Fracture-cavity carbonate reservoirs are highly heterogeneous, presenting complex relationships between reservoir pore space and seepage flow. These complexities pose significant challenges for in-situ stress analysis, selection of injection and production parameters, and evaluations of mechanical integrity. In order to further clarify the variation of in-situ stress during the operation of fracture-cavity carbonate underground gas storage（UGS）, ensure the mechanical integrity during the operation of UGS and increase the upper limit pressure, the model was developed to analyze the stress distribution in fracture-cavity carbonate gas storage and to monitor the variations in four-dimensional in-situ stress. This model also assesses the mechanical integrity across different pore spaces. The findings reveal that: ① Stress concentration is more pronounced in fracture-cavity carbonate reservoirs than in homogeneous ones, with the lowest stress levels often occurring at cavity boundaries. ② Pore pressure and stress fluctuations are more severe in fracture-cavity environments, increasing the likelihood of shear or tensile failures at cavity boundaries during UGS operations. ③ During gas production, shear failure tends to occur along the direction of minimum principal stress, whereas tensile failure is more probable along the direction of maximum principal stress during gas injection. ④ Compared to homogeneous reservoirs, fracture-cavity reservoirs are more prone to tension or shear failures during gas injection but are generally safer during gas production, though shear failures around cavities are more likely. These results provide valuable theoretical and methodological insights for in-situ stress analysis and mechanical integrity assessments of fracture-cavity carbonate UGS.

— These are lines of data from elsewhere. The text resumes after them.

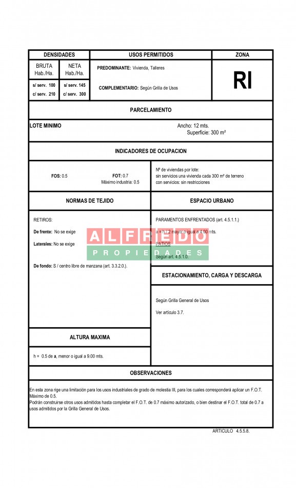 Superficie aprox: 324 m². (8.03 mts. sobre Los Criollos - 4.24 sobre ochava - 26.81 sobre Ruy Diaz)
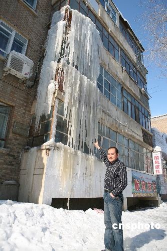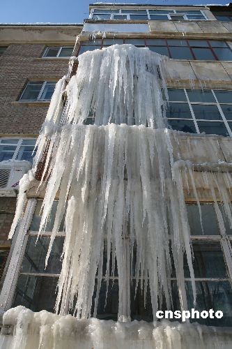 2月22日,在新疆阿勒泰市團結南路一居民樓上驚現壯觀的冰瀑奇觀,家住此樓的宋正國等四戶居民身受其擾。居民樓共四層冰瀑一直從三樓垂到一樓,十分壯觀。中新社發 唐曉波 攝
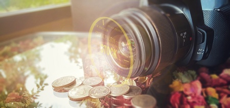 make money with stock photos concept, camera lie on the colorful table with coins in front of the camera lens, add an effect of circle line and stock photos text on it
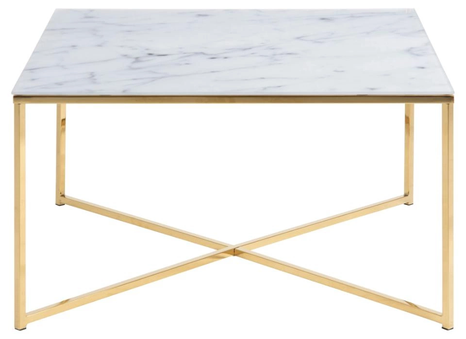 Konferenční stolek Alisma je stolek v glamour stylu. Kovový chromovaný podstavec ve zlaté barvě mu dodává na lesku. Stůl je zakončen deskou z mléčného skla s potiskem imitujícím bílý mramor. Tloušťka horní části je 6 mm. Hmotnost: 12,51 kg.
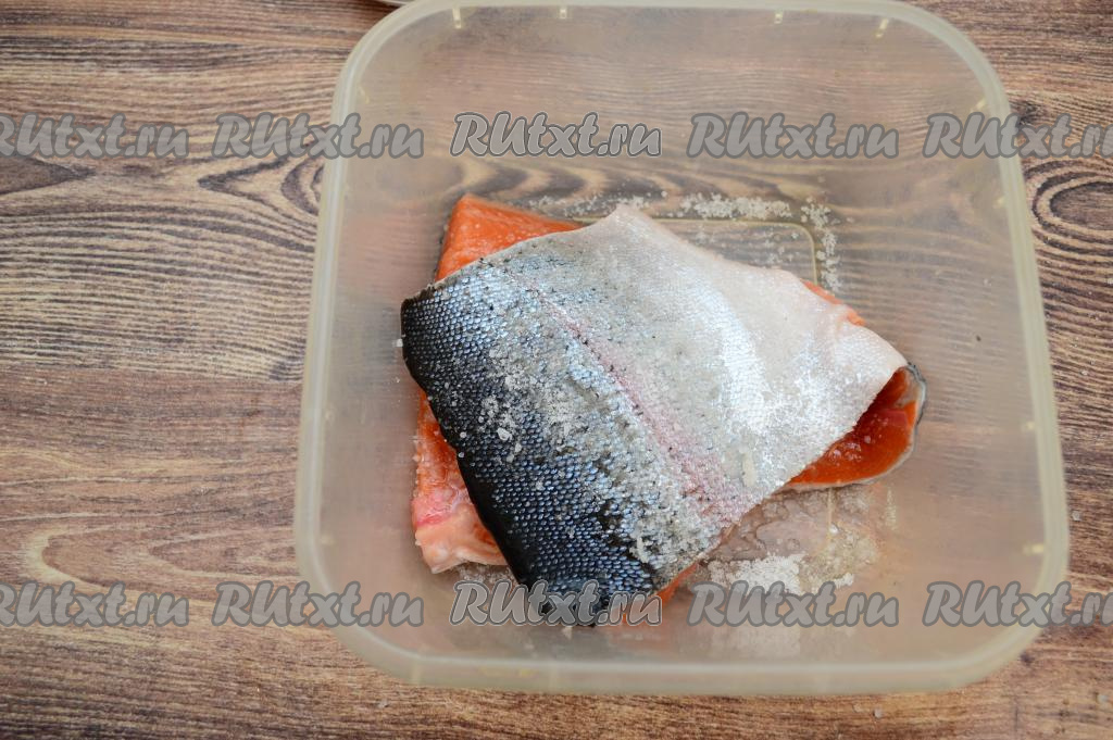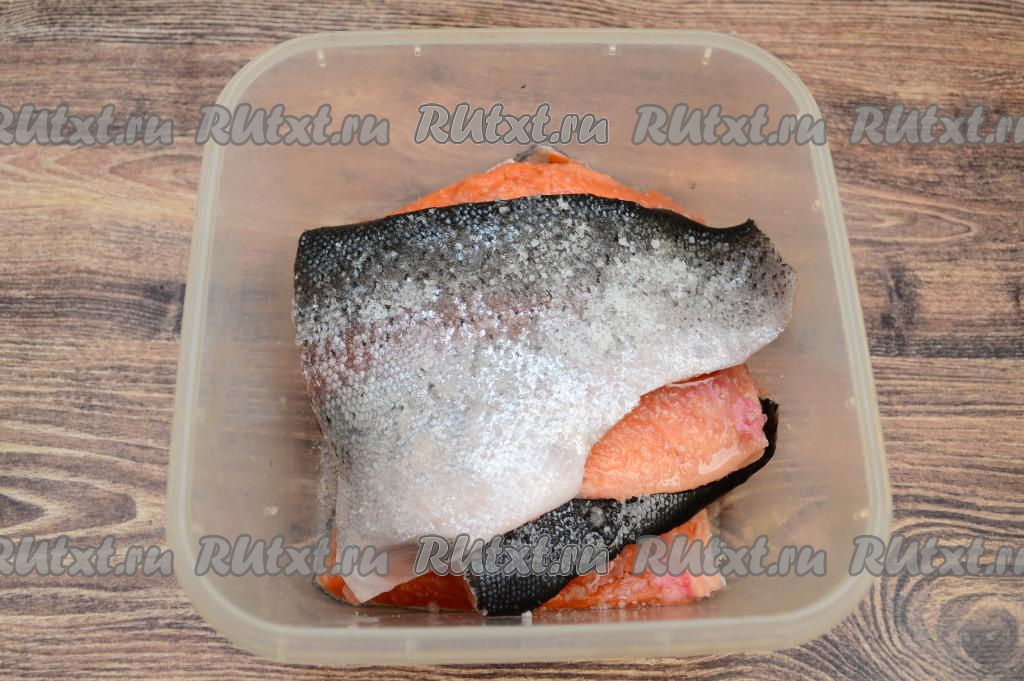 Аналогично уложить ещё два оставшихся кусочка красной рыбы. Закрыть контейнер (или кастрюльку) крышкой и отправить на 24 часа в холодильник. За это время кусочки рыбы можно один раз перевернуть, чтобы рыба более равномерно просолилась.
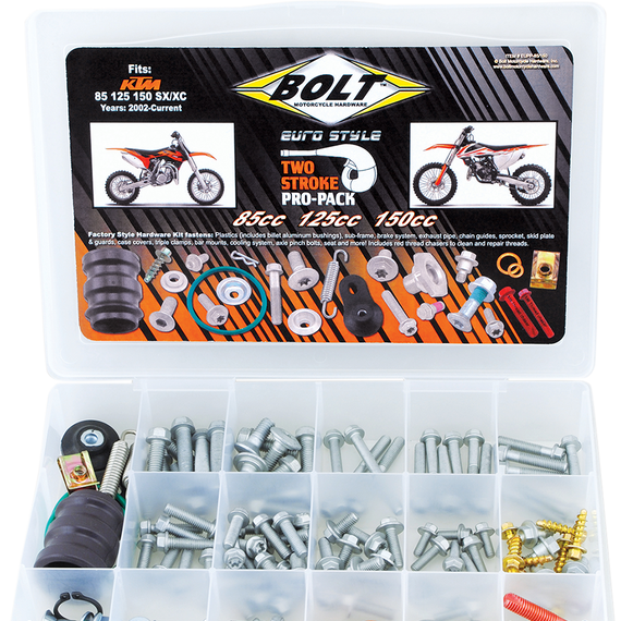 • Includes over 145 pieces of M6 and M8 dimpled flange bolts, concave washers, carb screws, shroud screws, sprocket bolts, Brembo style brake pin clips, three sizes of bushings, rim-lock spacers, drain plug washers, sub-frame bolts, M5 dimpled flange bolts, and valve stem grommets

Key words: fracture-cavity underground gas storage（UGS）, fluid-solid coupling, mechanical integrity, cyclic injection and production, four-dimensional in-situ stress

CLC Number:

TE822

ZHENG Xin,ZHAO Yuchao,ZHAO Zihan, et al. Mechanism investigation on in-situ stress characteristics and mechanical integrity of fracture-cavity carbonate underground gas storage reservoir[J]. Petroleum Reservoir Evaluation and Development, 2024, 14(5): 814-824.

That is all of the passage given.